Шрифт:
Интервал:
Закладка:
– No. My english is so-so.
– Это не самое страшное. Окунетесь в язык и начнете говорить бегло.
Я сижу в небольшом кабинете на втором этаже здания, которое построили по проекту архитектора Шервуда, это мне сказал товарищ Игнатьев.

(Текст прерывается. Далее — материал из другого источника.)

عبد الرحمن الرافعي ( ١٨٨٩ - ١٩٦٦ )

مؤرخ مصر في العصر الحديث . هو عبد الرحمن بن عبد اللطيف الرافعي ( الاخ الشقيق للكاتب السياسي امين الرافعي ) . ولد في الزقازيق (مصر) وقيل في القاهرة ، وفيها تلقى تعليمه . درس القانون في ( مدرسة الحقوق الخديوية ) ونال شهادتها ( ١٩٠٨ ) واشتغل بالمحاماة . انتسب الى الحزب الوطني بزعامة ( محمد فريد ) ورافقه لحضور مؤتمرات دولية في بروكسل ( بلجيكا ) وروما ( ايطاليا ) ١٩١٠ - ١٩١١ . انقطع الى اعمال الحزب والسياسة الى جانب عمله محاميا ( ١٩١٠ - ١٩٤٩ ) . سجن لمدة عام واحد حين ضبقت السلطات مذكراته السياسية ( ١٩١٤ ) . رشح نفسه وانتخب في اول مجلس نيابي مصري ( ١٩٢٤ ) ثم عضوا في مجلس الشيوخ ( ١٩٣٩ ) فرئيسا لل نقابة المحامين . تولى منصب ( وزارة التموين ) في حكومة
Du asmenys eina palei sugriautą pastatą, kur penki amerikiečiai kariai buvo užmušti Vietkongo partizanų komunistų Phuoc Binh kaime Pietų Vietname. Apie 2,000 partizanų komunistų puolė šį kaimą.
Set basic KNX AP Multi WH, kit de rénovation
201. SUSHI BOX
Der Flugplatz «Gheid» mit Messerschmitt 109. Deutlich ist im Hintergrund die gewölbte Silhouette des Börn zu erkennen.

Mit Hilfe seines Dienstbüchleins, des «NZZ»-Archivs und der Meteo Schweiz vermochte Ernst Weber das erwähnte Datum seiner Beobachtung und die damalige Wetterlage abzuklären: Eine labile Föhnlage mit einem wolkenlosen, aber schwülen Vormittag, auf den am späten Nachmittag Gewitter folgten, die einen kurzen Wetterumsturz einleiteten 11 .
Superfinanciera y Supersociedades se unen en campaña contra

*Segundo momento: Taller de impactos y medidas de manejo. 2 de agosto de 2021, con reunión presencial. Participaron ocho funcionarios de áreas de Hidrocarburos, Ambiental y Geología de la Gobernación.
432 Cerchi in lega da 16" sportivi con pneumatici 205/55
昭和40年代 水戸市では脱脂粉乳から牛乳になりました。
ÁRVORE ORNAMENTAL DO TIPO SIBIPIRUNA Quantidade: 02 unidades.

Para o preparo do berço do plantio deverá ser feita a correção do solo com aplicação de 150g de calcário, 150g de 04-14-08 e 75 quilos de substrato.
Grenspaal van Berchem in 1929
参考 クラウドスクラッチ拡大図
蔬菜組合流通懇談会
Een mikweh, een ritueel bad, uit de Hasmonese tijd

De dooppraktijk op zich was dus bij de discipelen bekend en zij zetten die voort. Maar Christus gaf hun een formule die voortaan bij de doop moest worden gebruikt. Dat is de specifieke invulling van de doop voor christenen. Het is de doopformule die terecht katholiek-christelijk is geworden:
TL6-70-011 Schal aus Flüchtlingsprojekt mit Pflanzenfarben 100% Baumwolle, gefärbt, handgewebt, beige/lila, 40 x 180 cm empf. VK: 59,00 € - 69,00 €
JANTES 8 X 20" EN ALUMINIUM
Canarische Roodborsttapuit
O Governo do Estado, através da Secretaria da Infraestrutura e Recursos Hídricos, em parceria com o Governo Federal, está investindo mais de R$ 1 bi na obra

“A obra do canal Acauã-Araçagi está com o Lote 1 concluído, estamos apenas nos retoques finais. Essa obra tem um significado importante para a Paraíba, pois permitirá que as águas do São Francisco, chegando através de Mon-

– В комплексе зданий на Старой площади Шервуд соединил элегантность модерна и утилитарность конструктивизма.
Мне было удивительно слышать от товарища Игнатьева такое.
– Вас ждут в институте к четырнадцати ноль-ноль. Думаю, собеседование Вы пройдете успешно и будете зачислены на второй курс факультета дополнительно профессионального образования. Будем считать, что вы уже обладаете достаточным образованием в сфере внешней политики и журналистики.
В понедельник полил дождь. Я шла по улице Горького под зонтом, что купила в ларьке при гостинице. Хороший китайский зонт спас мою голову от воды, льющейся с неба, но никак не мог уберечь ноги, и скоро они промокли. Воздух пропитывался влагой и парами бензина. Тут автомобили ездят на каком-то другом бензине и выхлопы иные, чем в Ленинграде. Я студент МГИМО. Учиться мне два с половиной года, а что будет потом, мне безразлично. У Максимилиана Максимовича обнаружили опухоль, и он был прооперирован. Повидать его мне не пришлось. Жена «оккупировала» палату, и было бы трудно объяснить, кто я такая и что мне надо.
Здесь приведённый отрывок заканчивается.